Azure
Set-AzSqlServer returns "BadRequest" with "The specified api-version is invalid."
Description
Running version 3.11.0 of Az.Sql, calling Set-AzSqlServer seems to always return "Set-AzSqlServer: Operation returned an invalid status code 'BadRequest", no matter what input parameters are passed to Set-AzSqlServer (as long as the server name and resource group are valid). The underlying error is "The specified api-version is invalid. The value must exactly match a supported version."
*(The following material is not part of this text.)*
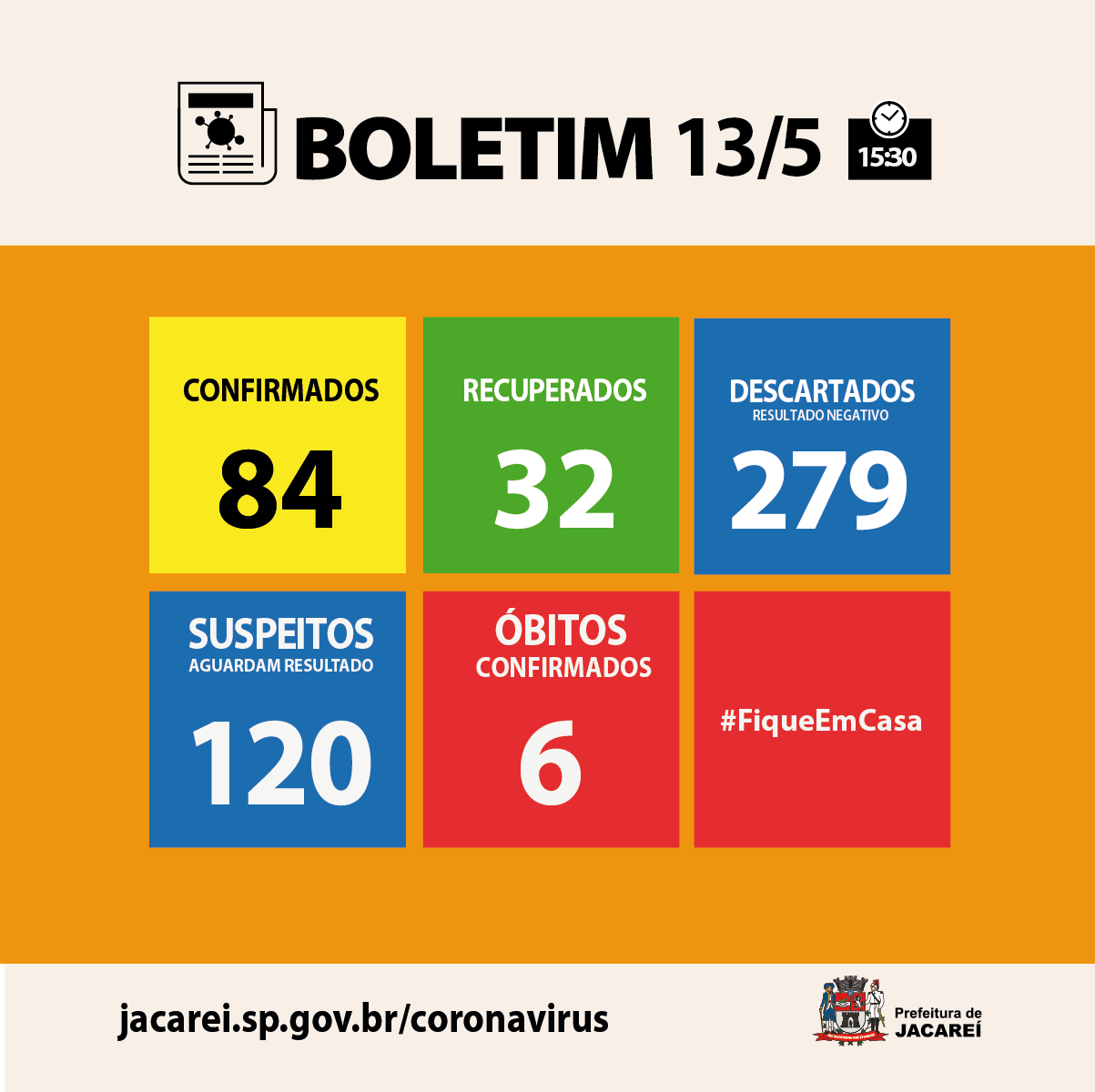 Informação – Acompanhe as informações em nossos canais oficiais: site e Redes Sociais. A Prefeitura de Jacareí seguirá seu compromisso de informar os novos números à população.

Reverting to version 3.10.0 of Az.Sql appears to resolve the issue.
Issue script & Debug output
PS C:\> $DebugPreference='Continue'
PS C:\> Set-AzSqlServer -Name $mTenancyServerName -ResourceGroupName
$resourceGroupName -Verbose
DEBUG: 10:57:24 AM - SetAzureSqlServer begin processing with ParameterSet '__AllParameterSets'.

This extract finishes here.